Exercise goal: Find the line with "Cozy and relaxing" in the records below. Output exactly from there until after the line with "Aspecialunit - Dark", without pictures.

Extracted entries:
===
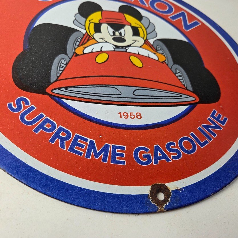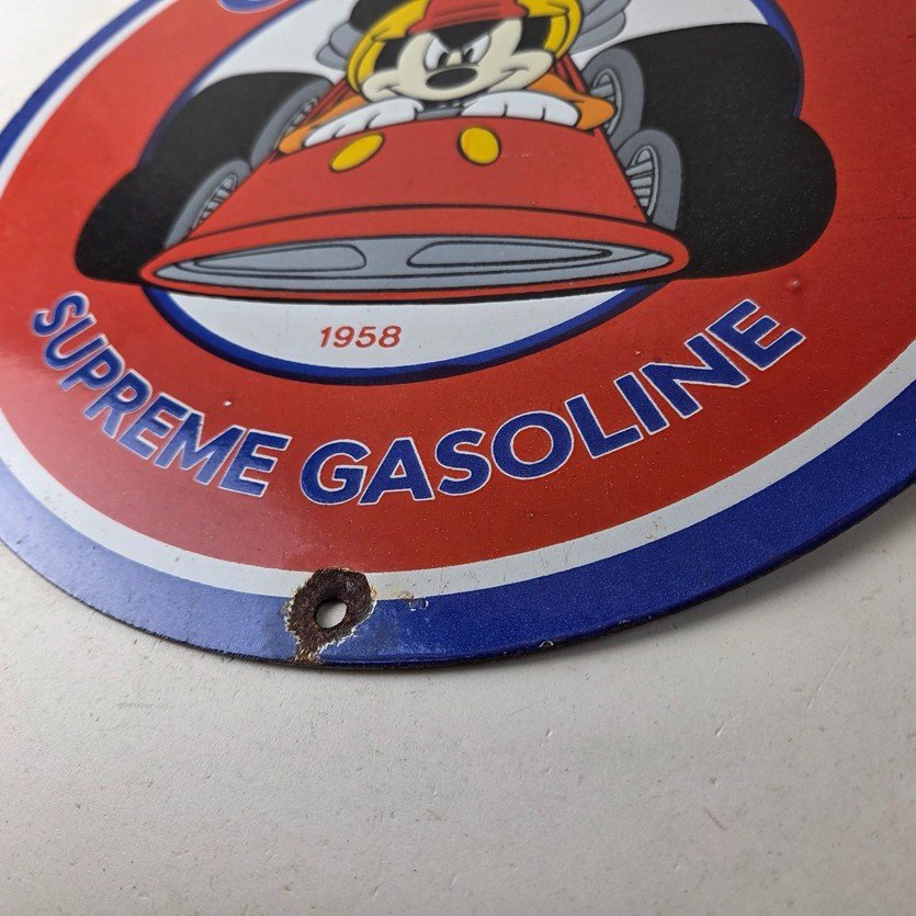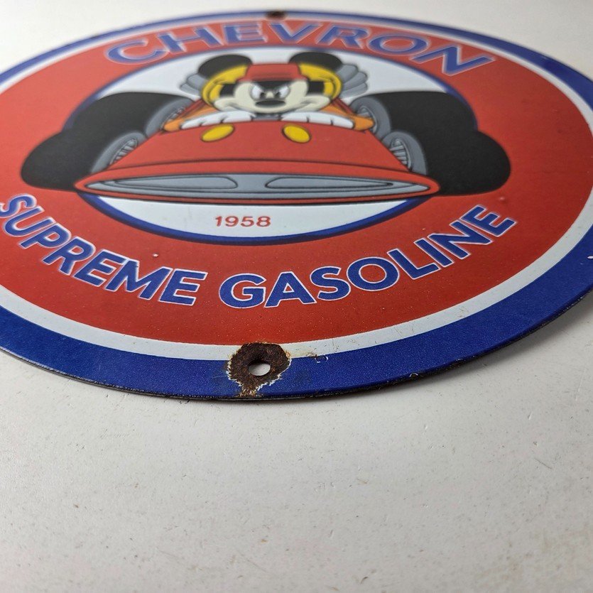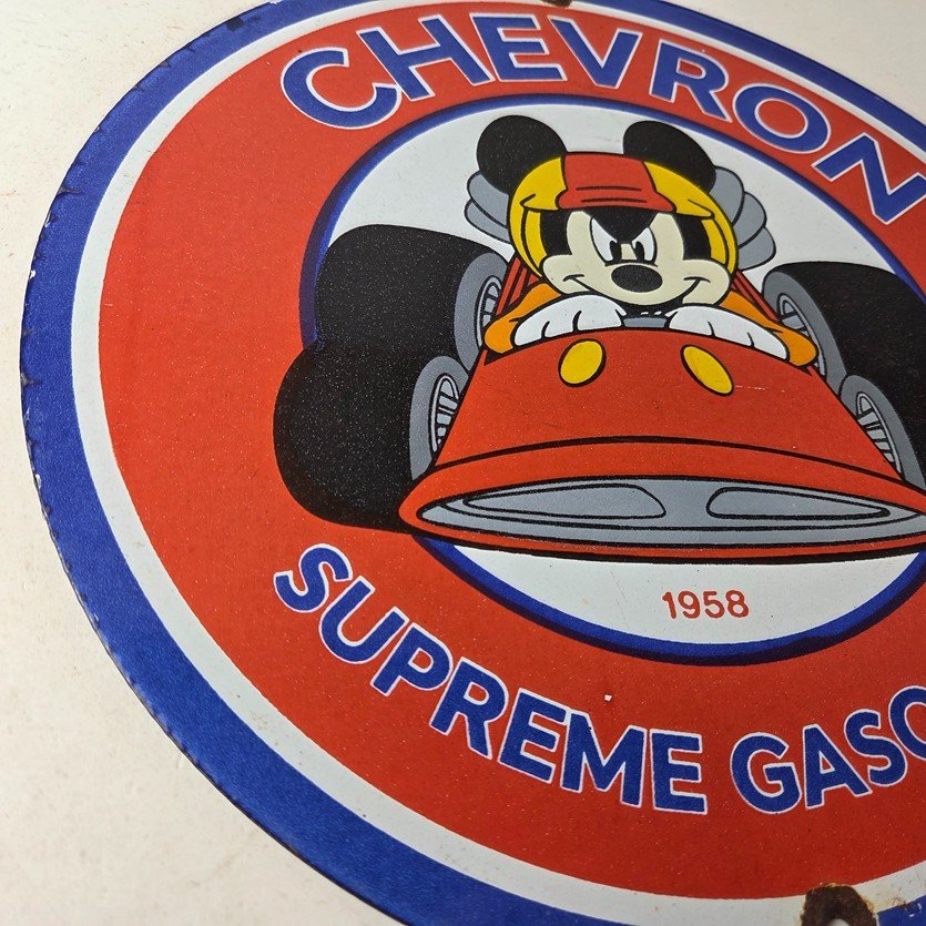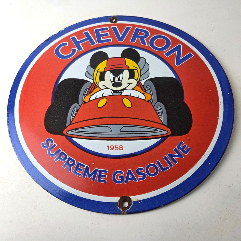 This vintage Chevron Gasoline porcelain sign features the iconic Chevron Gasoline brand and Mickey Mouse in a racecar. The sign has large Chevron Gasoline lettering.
===
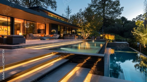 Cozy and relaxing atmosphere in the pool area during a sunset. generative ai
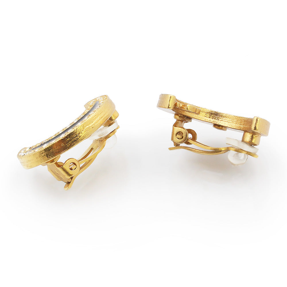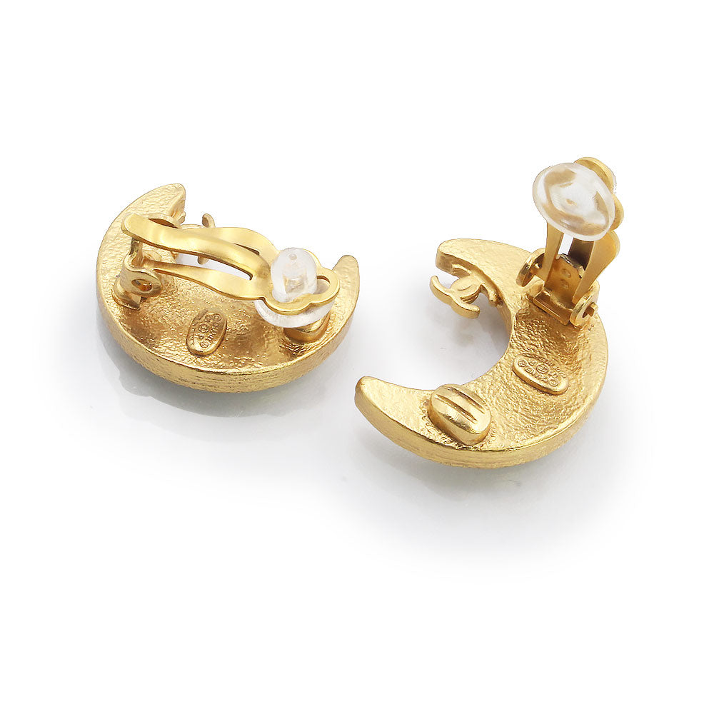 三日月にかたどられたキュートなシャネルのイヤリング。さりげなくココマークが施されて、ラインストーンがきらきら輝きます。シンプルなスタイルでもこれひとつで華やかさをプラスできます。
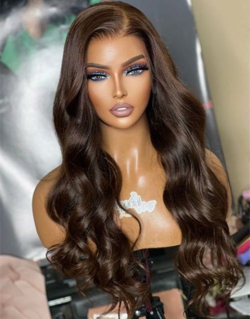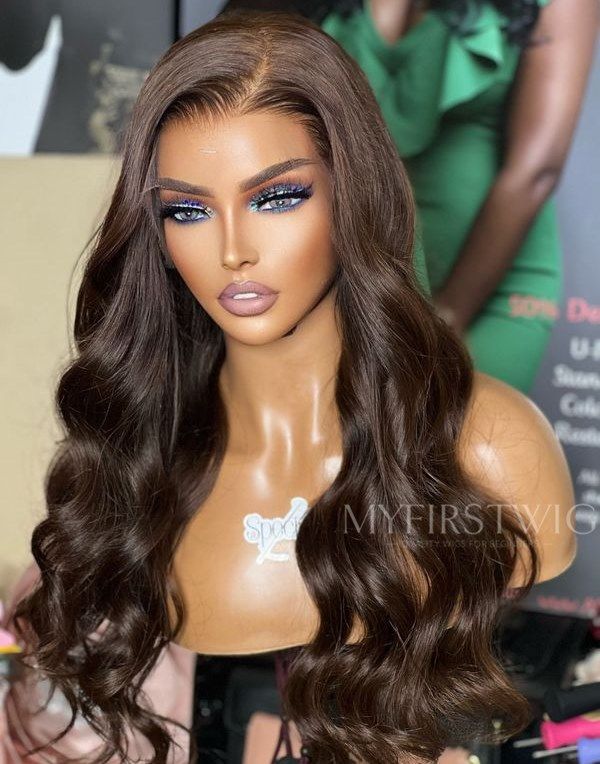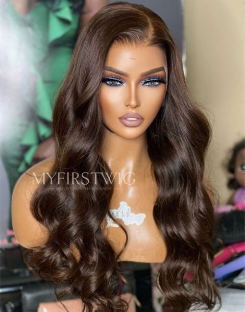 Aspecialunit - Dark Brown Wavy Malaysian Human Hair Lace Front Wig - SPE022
===
Written response:
 Cozy and relaxing atmosphere in the pool area during a sunset. generative ai
 三日月にかたどられたキュートなシャネルのイヤリング。さりげなくココマークが施されて、ラインストーンがきらきら輝きます。シンプルなスタイルでもこれひとつで華やかさをプラスできます。
 Aspecialunit - Dark Brown Wavy Malaysian Human Hair Lace Front Wig - SPE022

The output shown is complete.